Along the North African coast, outside Mamluk Egypt, western merchants had fewer restrictions, obtaining through Hafsid treaties many fondaco facilities in numerous cities. The great number and open-ended nature of these establishments in Tunis, Tripoli and elsewhere suggest a less clearly enforced division between facilities for foreign and local merchants in the Magrib, allowing western merchants to participate in the commerce taking place in and around Arab funduqs as well.
The success of the fondaco system also influenced commercial facilities in southern Europe. There, newly styled fondacos flourished in the great Mediterranean ports. In almost all cases, the meaning of the word and the institution had by then lost several aspects of its Arab namesake. The Italian, French and Castilian fondacos / alhóndigas in late medieval Europe were first and foremost commercial entities: warehouses, granaries, commercial merchant lodgings and tax facilities, no longer hostels with charitable elements, emporia or points for cross-cultural contact. This development is charted in chapter nine. There, Constable deals at length with the history of the famous fondaco dei Tedeschi at Venice, probably the best-known western style fondaco in Mediterranean Europe, which continued to function well into the early modern period.

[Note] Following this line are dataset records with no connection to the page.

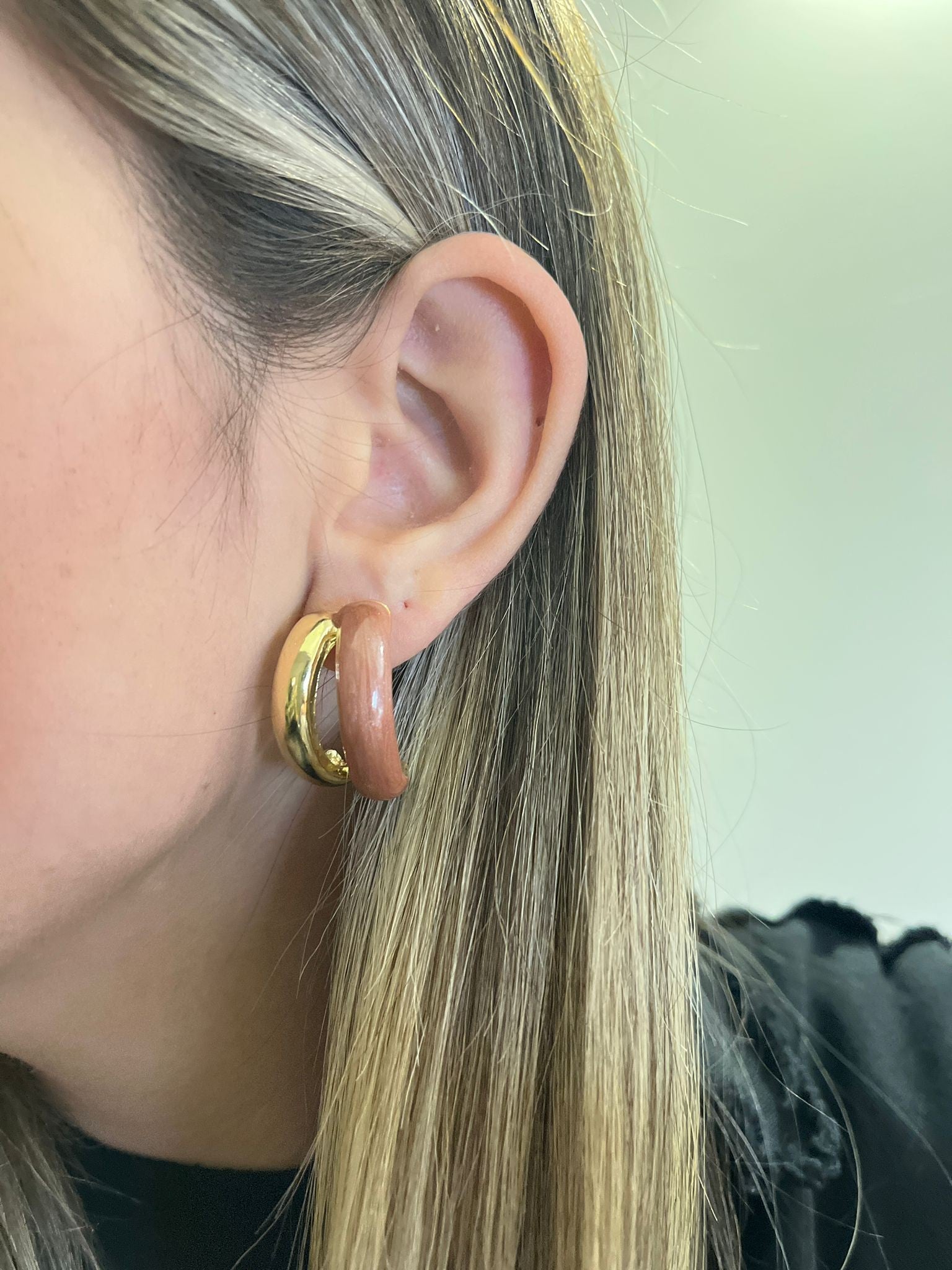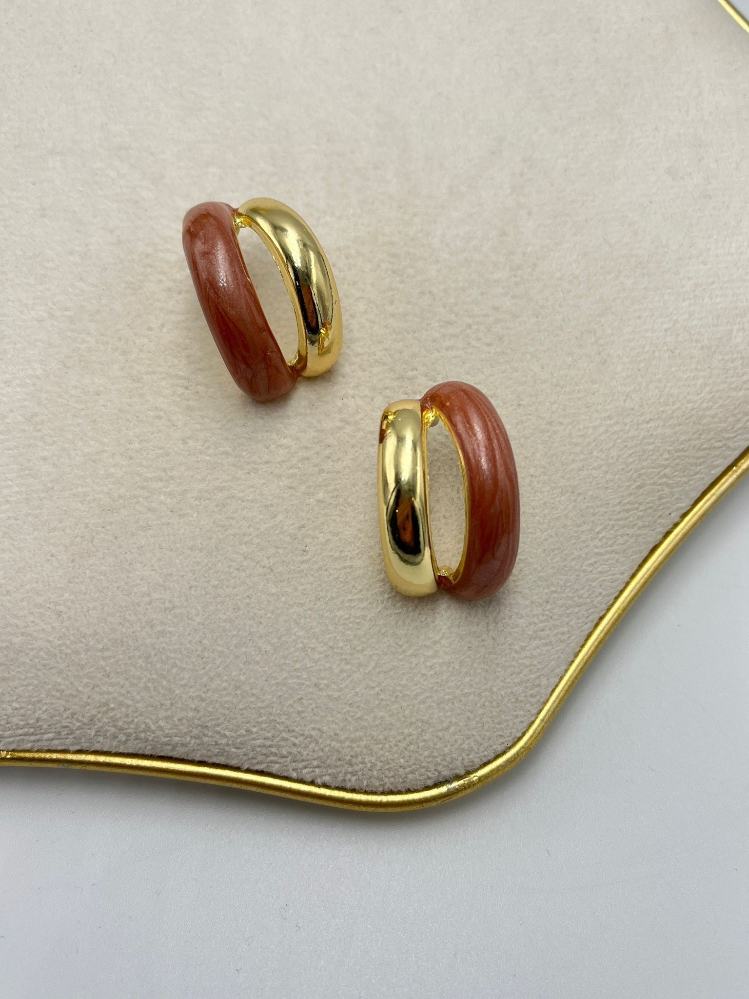 İki Sıra Detay Halka Küpe (Pirinç Kaplama)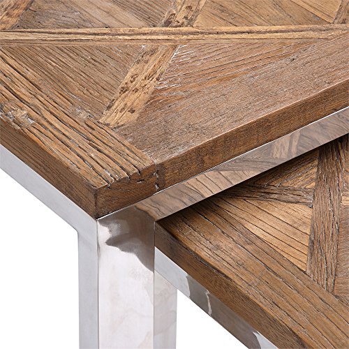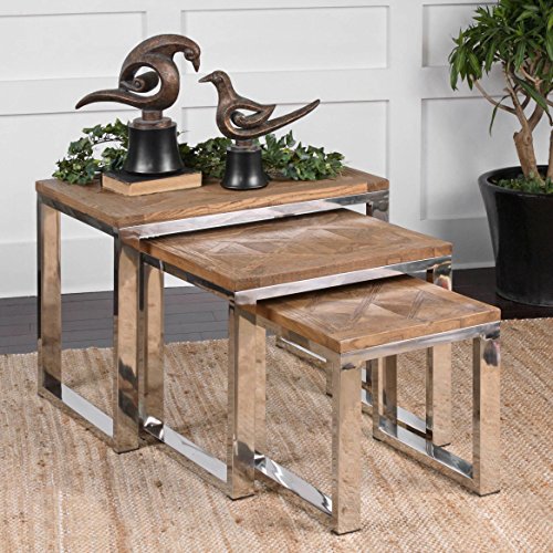 -. Brand : Kathy Kuo Home -. Color : Brown -. Feature : Small: 15 inches high x 15 inches wide x 15 inches deep; Medium: 17 inches high x 22 inches wide x 19 inches deep; Large: 18 inches high x 20 inches wide x 22 inches deep / Constructed from wood and stainless steel / Polished stainless steel and natural reclaimed wood finishes -. Label : Kathy Kuo Home -. Manufacturer : Kathy Kuo Home -. MPN : UTM-24416 -. PartNumber : UTM-24416 -. ProductGroup : Furniture -. ProductTypeName : HOME_FURNITURE_AND_DECOR -. Publisher : Kathy Kuo Home -. Studio : Kathy Kuo Home -. Title : Haverley Rustic Recycled Elm Steel Nesting Tables - Set of 3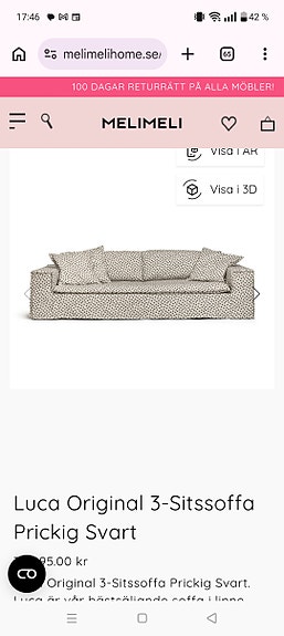 Melimeli Luca 3-sits soffa i linnetyg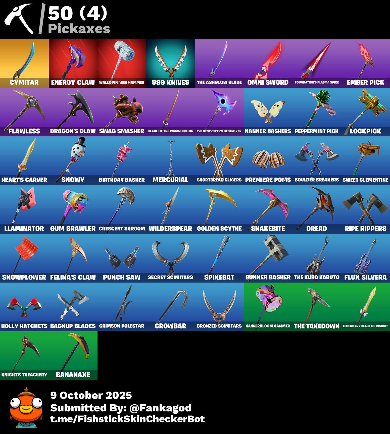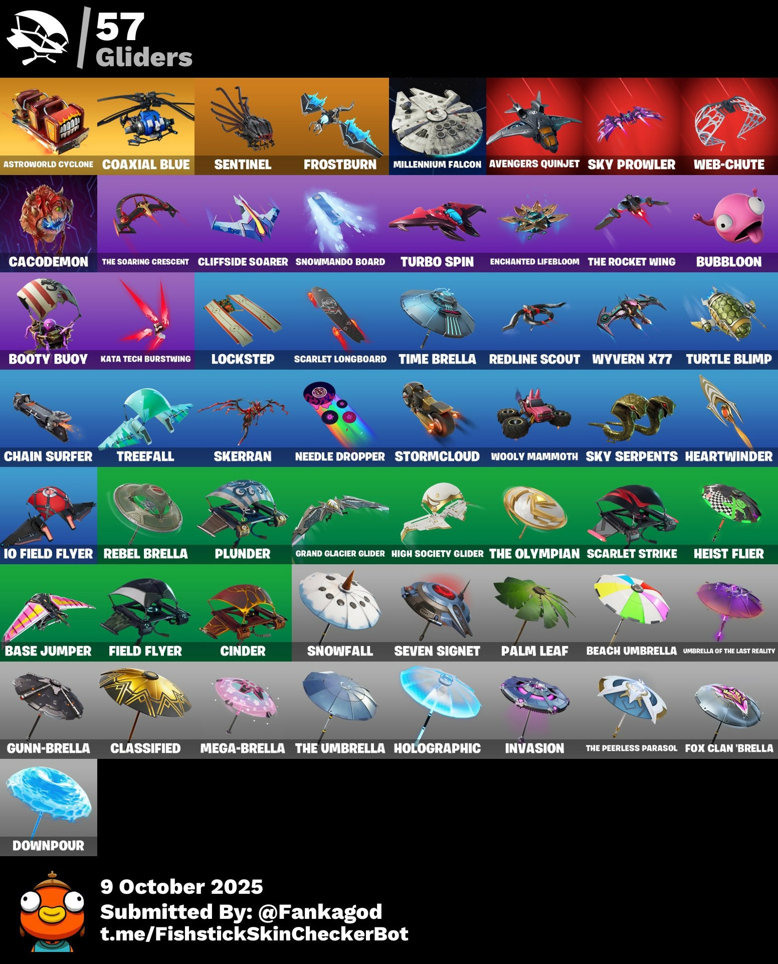 2020 Kickflip, 999 Knives, Ancestral Bloom, Apocalypse Shroud, Arroyo Pack, Astroworld Cyclone, Auto Clutch, Avengers Quinjet, Backup Blades, Bananaxe, Base Jumper, Basecamp Bag, Beach Umbrella, Birthday Basher, Blackheart, Blade Of The Waning Moon, Bladed Travpak, Boobytrapped, Booty Buoy, Boulder Breakers, Brite Bomber, Bronzed Scimitars, Bubbloon, Bunker Basher, Bunker Jonesy, Buzz Pack, Cacodemon, Call Me, Carbon Commando, Carbon Pack, Chain Surfer, Choice Knit, Cinder, Classified, Clawz Retro, Cliffside Soarer, Cluck Strut, Coaxial Blue, Cobra, Conga, Cozy Conch, Crescent Shroom, Crimson Crest, Crimson Polestar, Crowbar, Crowning Achievement, Crystal Llama, Cyclo Curl, Cymitar, Downpour, Doze Dab, Dragon Stance, Dragon's Claw, Dread, Dying Light, Ember, Ember Pick, Enchanted Lifebloom, Energy Claw, Felina's Claw, Field Flyer, Fierce, Fishstick Janky, Flawless, Flippin' Away, Flux Silvera, Foil Flex, Foundation's Mantle, Foundation's Plasma Spike, Fox Clan 'Brella, Fox Wayfinder, Frostburn, Gentleman's Dab, Glorious Giftblade, Golden Scythe, Golf Clap, Grand Glacier Glider, Gum Brawler, Gumbo, Gummy Sack, Gunn-Brella, Gunnar, Gwenpool's Katanas, Hadean Gate, Harlowe, Haven, Heart's Carver, Heartwinder, Heist Flier, Hello Friend, High Caliber, High Society Glider, Holiday Boxy, Holly Hatchets, Holographic, Hoop Master, Hot Wings, Hybrid, IO Field Flyer, Infectious, Invasion, It's... You?, Kata Tech Burstwing, Kata-Pack, Knight's Treachery, Krang, Krisabelle, Legend's Modkit, Legendary Blade Of Insight, Lil' Black Heart, Lil' Monster, Llaminator, Lockpick, Lockstep, Love It!, Lt. Evergreen, Lt. John Llama, Lunar Charge, Lunarios, Luxe, Major Mancake, Make A Seat, Master Key, Master Portal, Mega-Brella, Mercurial, Millennium Falcon, Mutiny, MwahaHa, Nailed It, Nana Nana, Nanner Bashers, Nannerbloom Hammer, Needle Dropper, Nemesis Box, Neon Menagerie, Ninja Stance: Donnie, Ninja Stance: Leo, Ninja Stance: Mikey, Ninja Stance: Raph, Nyanja's Catpak, Omni Sword, Palm Leaf, Peace Out, Peely, Peely Whip, Peppermint Pick, Piñata Brian, Plunder, Polar Peely, Premiere Poms, Prized Llama, Prowler, Punch Saw, Re-Gifter, Rebel Brella, Rebel's Rucksack, Redline Scout, Redmask Ranker, Reliant Blue, Remnant Blossom, Respect The Peace, Ripe Rippers, Ronin, Rox, Ruby Relic, Ruin, Runway Racer, Scarlet Longboard, Scarlet Strike, Secret Scimitars, Sentinel, Seven Signet, Shanta, Shaolin Sip, Sharpshooter, Shortbread Slicers, Sidewinder, Skerran, Sky Prowler, Sky Serpents, Slayer Juice Wrld, Snakebite, Snap-A-Zoomatic, Snoozefest, Snowfall, Snowmando Board, Snowplower, Snowshaker, Snowy, Society Shield, Spectra Protector, Spider-Man, Spikebat, Standing Bow, Stormcloud, Sultura, Sushi Sign, Swag Smasher, Sweet Clementine, TMNT Pizza, The Ashglow Blade, The Bestiary Chest, The Break Shot, The Destroyer's Destroyer, The Foundation, The Kuro Kabuto, The Olympian, The Peerless Parasol, The Rocket Wing, The Sith, The Soaring Crescent, The Takedown, The Umbrella, Time Brella, Trail Tote, Treefall, Tri-Ooze Tank, Trilogy, Trot Shot, Tsuki 2.0, Turbo Spin, Turtle Blimp, Umbrella Of The Last Reality, Waffler, Wallopin' Web Hammer, Web-Chute, Web-Head's Knapsack, Wilderspear, Wooly Mammoth, Wooly Warrior, Wyvern X77, Yay!

In her conclusion, Constable neatly recapitulates her findings and also brings to the fore some other insights that she developed during her research. Initially, she had assumed that the fondaco was an early expression of the movement leading to European colonialism and that the western colonies in Muslim cities were prototypes for later European expansion. Instead, in the course of her research she became convinced that the western fondacos in the Muslim world, albeit western colonies of a kind in Islamic cities, initially were not shaped by European military and technological dominance. As a matter of fact, the decline of the funduq and the fondaco in the Mediterranean world chronologically coincides with the first true expressions of western colonialism. Where fondacos continued to function in this later period, their function changed. Likewise, in the Ottoman world the funduq and the fondaco gradually disappeared, due to changes that damaged the long-established medieval protocols for handling cross-cultural trade and traders, which had been central elements of the funduq/fondaco-system for many centuries. The khan now became the place were European merchant groups did their business in the Muslim world. Increasingly, these were just spaces for commerce rather than residential enclaves. The word funduq never disappeared. But in present-day Arabic, it is a standard term for a hotel. It lacks both the commercial and the charitable connotations once glued to its semantics. In Italian, the word fondaco now only signifies a warehouse, and the Castilian alhóndiga merely refers to a granary.
In all, Constable has written a monumental book, covering the many semantic, political, economic and cross-cultural angles of a truly interdisciplinary historical enterprise. Its diachronic and geographic reach, along with its many intriguing local details and insightful anecdotes create a rich narrative that is a delight to read, and it offers a veritable treasure house of information for classical scholars, medievalists and early modernists of many kinds, whether they are interested in the wider history of the Mediterranean world along the lines of Braudel, or in more restricted political, economical or cultural issues related to their specialty.